2022-06-22 GitHub Copilot is now generally available, starts at $10/month

  • More than 1.2 million users enrolled in the preview for GitHub Copilot since June 2021.

  • The program is now available to all developers for $10/month and $100/year.

  • Verified students and owners of established open-source projects can keep using it for free.

  • The extension is available on numerous editors such as Visual Studio, Visual Studio Code, Neovim, and JetBrains IDEs.

  • The extension works well with multiple coding languages with notable ones being Python, JavaScript, TypeScript, and Go.

2022-03-10 Deep Learning Is Hitting a Wall

  • Few fields have been more filled with hype and bravado than artificial intelligence.

  • It has flitted from fad to fad decade by decade, always promising the moon, and only occasionally delivering.

  • One minute it was expert systems, next it was Bayesian networks, and then Support Vector Machines.

  • In 2011, it was IBM’s Watson […​]

  • Nowadays, and in fact ever since 2012, the flavor of choice has been deep learning […​].

    • [The "Godfathers of AI" and "Godfathers of Deep Learning" are Geoffrey Hinton, Yoshua Bengio and Yann LeCun, for which they won the 2018 Turing Award.]

    • [Hinton, the Godfather of AI, joined Google in 2013 when his company was acquired but left May 2023 because he wanted to "freely speak out about the risks of A.I.". He’s been cited half-a-million times]

    • [Yoshua Bengio is the most-cited computer scientist globally and the most-cited living scientist across all fields]

    • [Yann LeCun, Chief AI Scientist at Meta]

  • Deep learning, which is fundamentally a technique for recognizing patterns, is at its best when all we need are rough-ready results, where stakes are low and perfect results optional.

  • When a single error can cost a life, it’s just not good enough.

  • Deep-learning systems are particularly problematic when it comes to “outliers” that differ substantially from the things on which they are trained.

  • Current deep-learning systems frequently succumb to stupid errors like [the following]. They sometimes misread dirt on an image that a human radiologist would recognize as a glitch.

  • What else might we need? Among other things, we are very likely going to need to revisit a once-popular idea […​]: the idea of manipulating symbols—computer-internal encodings, like strings of binary bits, that stand for complex ideas.

  • What does “manipulating symbols” really mean? Ultimately, it means two things: having sets of symbols (essentially just patterns that stand for things) to represent information, and processing (manipulating) those symbols in a specific way, using something like algebra (or logic, or computer programs) to operate over those symbols.

  • Classical computer science [of the sort practiced by Turing and von Neumann and everyone after, manipulates symbols in a fashion that we think of as algebraic, and that’s what’s really at stake.

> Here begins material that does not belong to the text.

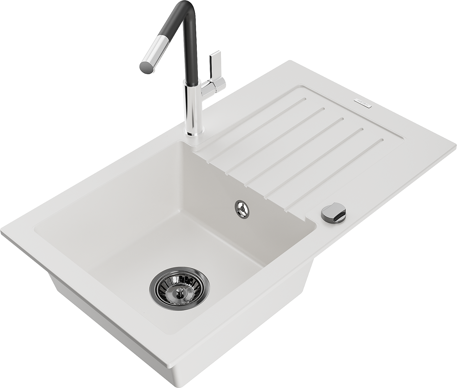 Mexen Pablo chiuvetă de bucătărie din granit cu 1 compartiment cu scurgător și baterie Flora, alb - 6510-20-670401-07-B
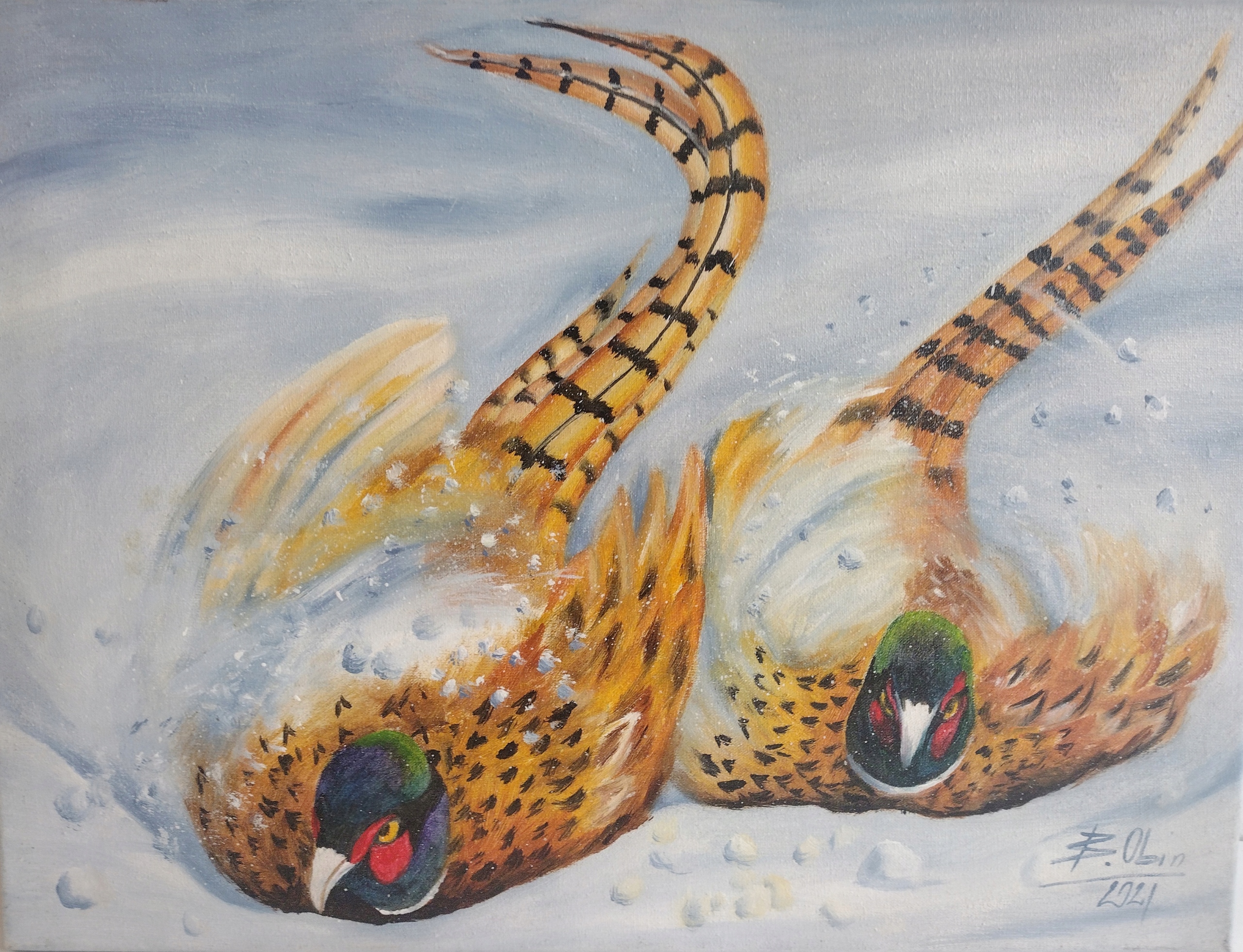 Картина акрилом Фазани грають у снігу

In simple algebra, we have three kinds of entities, variables (like x and y), operations (like + or -), and bindings (which tell us, for example, to let x = 12 for the purpose of some calculation).

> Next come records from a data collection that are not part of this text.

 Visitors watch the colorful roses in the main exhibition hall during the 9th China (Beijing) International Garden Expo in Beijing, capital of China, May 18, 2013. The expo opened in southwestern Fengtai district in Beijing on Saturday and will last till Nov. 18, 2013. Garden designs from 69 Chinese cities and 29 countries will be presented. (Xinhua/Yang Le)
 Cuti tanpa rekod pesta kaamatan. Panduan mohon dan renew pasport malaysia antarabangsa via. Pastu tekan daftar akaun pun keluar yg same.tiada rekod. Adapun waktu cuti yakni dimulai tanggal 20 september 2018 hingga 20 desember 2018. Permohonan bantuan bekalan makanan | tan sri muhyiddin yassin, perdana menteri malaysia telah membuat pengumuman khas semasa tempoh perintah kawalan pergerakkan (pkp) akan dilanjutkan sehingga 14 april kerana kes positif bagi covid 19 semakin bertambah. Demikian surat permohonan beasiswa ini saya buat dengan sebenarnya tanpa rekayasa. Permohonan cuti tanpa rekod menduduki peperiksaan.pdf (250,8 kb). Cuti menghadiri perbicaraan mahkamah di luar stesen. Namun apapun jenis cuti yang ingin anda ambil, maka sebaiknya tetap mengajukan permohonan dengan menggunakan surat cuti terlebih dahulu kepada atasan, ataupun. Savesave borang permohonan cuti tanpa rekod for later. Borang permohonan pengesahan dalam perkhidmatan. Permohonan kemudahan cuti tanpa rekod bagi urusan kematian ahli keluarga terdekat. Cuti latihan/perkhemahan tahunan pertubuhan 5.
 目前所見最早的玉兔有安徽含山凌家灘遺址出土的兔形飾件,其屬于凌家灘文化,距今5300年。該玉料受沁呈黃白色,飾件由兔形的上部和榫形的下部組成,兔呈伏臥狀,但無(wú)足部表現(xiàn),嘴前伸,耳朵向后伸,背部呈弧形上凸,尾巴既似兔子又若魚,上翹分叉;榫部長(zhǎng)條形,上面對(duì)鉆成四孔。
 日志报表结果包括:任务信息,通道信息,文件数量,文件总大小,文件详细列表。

  • If symbols are so critical for software engineering, why not use them in AI, too?

2022-04-06 DALL-E 2 revealed

  • designed to generate more realistic images at higher resolutions that "can combine concepts, attributes, and styles".

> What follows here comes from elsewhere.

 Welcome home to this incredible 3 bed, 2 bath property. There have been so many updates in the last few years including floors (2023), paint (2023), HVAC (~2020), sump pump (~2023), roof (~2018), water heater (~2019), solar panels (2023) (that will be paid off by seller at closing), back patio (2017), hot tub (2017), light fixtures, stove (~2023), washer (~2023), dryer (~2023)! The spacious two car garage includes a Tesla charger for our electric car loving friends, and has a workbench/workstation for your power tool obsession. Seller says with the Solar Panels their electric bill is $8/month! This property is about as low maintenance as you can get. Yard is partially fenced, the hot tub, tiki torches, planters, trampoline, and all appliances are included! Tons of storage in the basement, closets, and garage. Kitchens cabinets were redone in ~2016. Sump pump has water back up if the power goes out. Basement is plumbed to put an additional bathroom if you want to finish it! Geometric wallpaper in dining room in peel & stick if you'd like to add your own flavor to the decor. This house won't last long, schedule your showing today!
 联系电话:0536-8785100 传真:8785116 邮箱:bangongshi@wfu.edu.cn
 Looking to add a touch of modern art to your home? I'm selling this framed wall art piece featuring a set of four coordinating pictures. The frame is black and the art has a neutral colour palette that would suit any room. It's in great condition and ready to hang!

2021-01-05 DALL-E 1 revealed

  • uses a version of GPT-3 modified to generate images.

  • The software’s name is a portmanteau of the names of animated robot Pixar character WALL-E and the Catalan surrealist artist Salvador Dalí.

2020-05-22 Retrieval-Augmented Generation for Knowledge-Intensive NLP Tasks

  • We explore a general-purpose fine-tuning recipe for retrieval-augmented generation (RAG) — models which combine pre-trained parametric and non-parametric memory for language generation.

  • For language generation tasks, we find that RAG models generate more specific, diverse and factual language than a state-of-the-art parametric-only seq2seq baseline.


2017-06-12 Attention is all you need

  • We propose a new simple network architecture, the Transformer, based solely on attention mechanisms, dispensing with recurrence and convolutions entirely.

A Google paper that lays the foundation upon which all generative AI tools are based on.